Strange then that folk come along 2000-years later and say…‘I think it is wrong!’ 😛
 
The psychology behind why people commit offenses is very important to me. I always look at things from the idea that either in this life or the next all will eventually become aware of their wrongs and the majority of their sufferings might very well come from sadness over what they’ve done. Many who commit crimes are impoverished and had far less to live for on the strait and narrow; but I don’t severely doubt the justice system after all, every nation has flaws in the system, and in reality the majority of the systems are created to deal with flaws themselves. I don’t believe in killing people, but you never know how many murders were avoided from fear of the death penalty. Law and Order is a very difficult and fascinating arena.
 
Ender posted:
‘Punishment’ is part of the toolbox of training: The stick and the carrot.
As I said, and said over, the LAW ends with punishment, because the LAW is imperfect. The LAW cannot always achieve atonement, so does not try.
👍
 
40.png
Ender:
#110 - Let’s go back to the definition of atonement: “to expiate” …
Voco proTatiano:
#111 - I gave you an American dictionary definition of ‘atone’, which you seem entirely unable to accept.
Viz:**
  1. To make amends, as for a sin or fault: These crimes must be atoned for.
  2. Archaic To agree.
    v.tr.
  3. To expiate.**
I explicitly used the definition you provided; what more can I do?
‘Atonement’ is more than making ammends, it also involves reconciliation with the offendee. That requires by implication, repentance and forgiveness.
Your dictionary definition equates atonement with making amends, period. There is no implication that repentance or forgiveness is part of the this definition … although they are obviously part of your definition.

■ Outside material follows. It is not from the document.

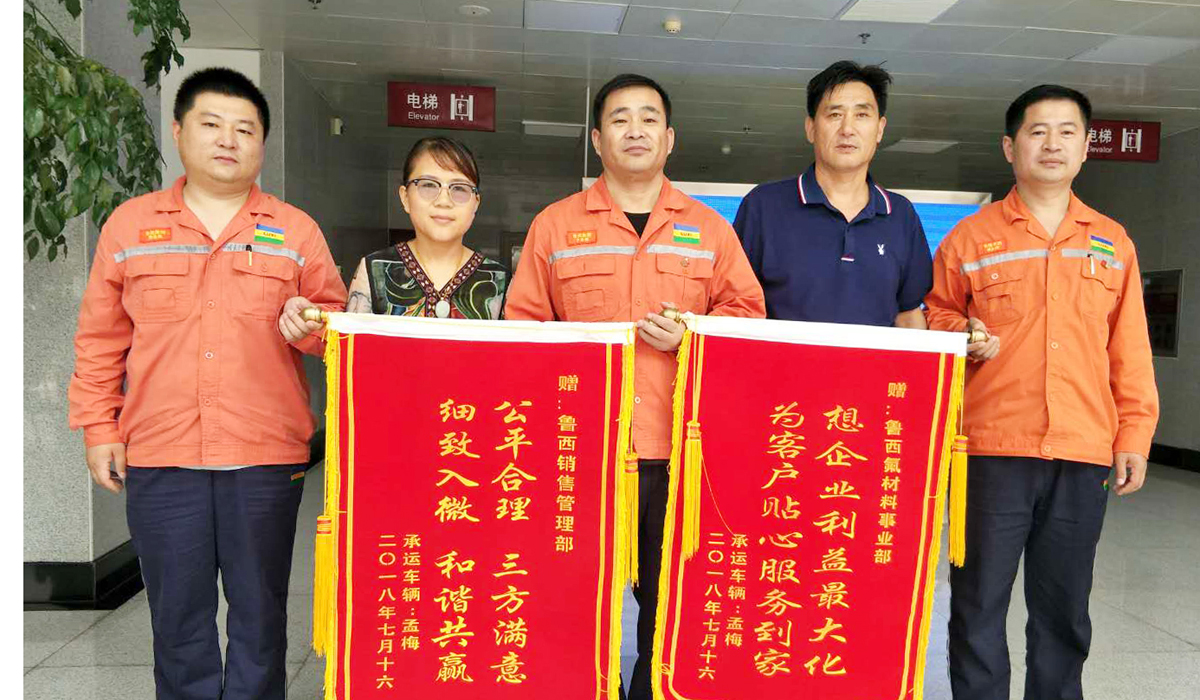 7月30日,东阿明鑫物流公司车辆负责人王长义、孟梅来到鲁西集团,激动地将印有“公平合理 三方满意 细致入微 和谐共赢”、“想企业利益最大化 为客户贴心服务到家”字样的两面锦旗送到销售管理部物流管理人员李登旭和氟材料事业部销售经理杨先旗手中,连声感谢。并向记者讲述了一则鲁西集团员工公平公正妥善处理亏吨事件的故事。

So ‘punishment’ and ‘penalty’ are legal terms. They are concepts of LAW, not of JUSTICE. These two are not the same.
How can you continue to ignore the plain words of JPII when he states that punishment is part of justice? If you disagree with him say so.

“God’s fatherly love does not rule out punishment, even if the latter must always be understood as part of a merciful ***justice ***that re-establishes the violated order for the sake of man’s own good”

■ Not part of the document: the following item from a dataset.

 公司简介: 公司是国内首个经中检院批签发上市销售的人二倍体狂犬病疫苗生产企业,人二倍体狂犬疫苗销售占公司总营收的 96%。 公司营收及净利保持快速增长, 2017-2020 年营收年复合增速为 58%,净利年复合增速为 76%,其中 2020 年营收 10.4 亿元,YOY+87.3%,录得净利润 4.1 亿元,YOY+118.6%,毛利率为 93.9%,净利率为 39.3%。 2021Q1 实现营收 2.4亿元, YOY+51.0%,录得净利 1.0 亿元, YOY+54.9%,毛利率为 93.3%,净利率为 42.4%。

I am still waiting for you to quote a single Church document that supports your position. I am quite prepared to cite others beyond the half dozen I have already mentioned but you have ignored all the ones I’ve used so I don’t think more will do any good. Is there anyone I could quote you would believe? Augustine? Aquinas? The Church Fathers?

Ender
 
I explicitly used the definition you provided; what more can I do? Your dictionary definition equates atonement with making amends, period.

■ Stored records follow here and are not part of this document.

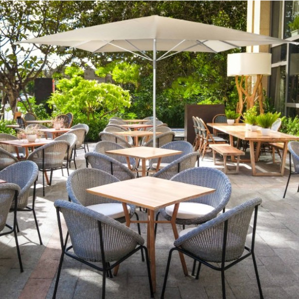 Uporaba senčnika na velikih terasah hotelov ali restavracij
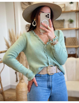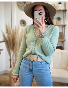 Gilet à volants. Col V. Boutons vert d'eau et doré. Manches longues bout à volants. Taille Unique. Murielle mesure 1,65 m et porte habituellement du S/36. Fabriqué en Chine. Entretien :
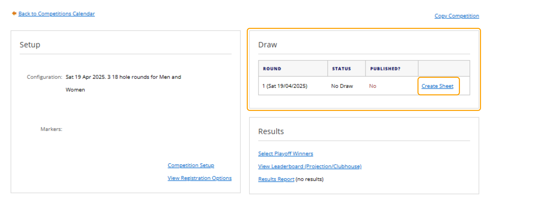 Please note the Tee Sheet must be created and have correct eligibility available e.g men, home members and be compatible with the competitions start and end time.

You failed to read on. It is obsolete now, but was not so in the times of KJV and Douay.
**
3. Obsolete To reconcile or harmonize.
[Middle English atonen, to be reconciled, from at one, in agreement : at, at; see at1 + one, one; see one.]
**
To be reconciled most definitely implies repentance and forgiveness. You do not see it, because you will not see it.
There is no implication that repentance or forgiveness is part of the this definition … although they are obviously part of your definition.
How can you continue to ignore the plain words of JPII when he states that punishment is part of justice? If you disagree with him say so.
"God’s fatherly love does not rule out punishment, even if the latter must always be understood as part
that is: a tool
of a merciful ***justice ***that re-establishes the violated order for the sake of man’s own good"
That is: ATONEMENT
I am still waiting for you to quote a single Church document that supports your position. I am quite prepared to cite others beyond the half dozen I have already mentioned but you have ignored all the ones I’ve used so I don’t think more will do any good. Is there anyone I could quote you would believe? Augustine? Aquinas? The Church Fathers?
I do not need to produce documents, the very ones you produce, when read correctly make my points, not yours.
 
Punishment is clearly part of the teaching of the Church as a correct response to sin, particularly social sin, and while it is always hoped it will end in the eventual reformation of the criminal that hoped-for end need not justify its implementation.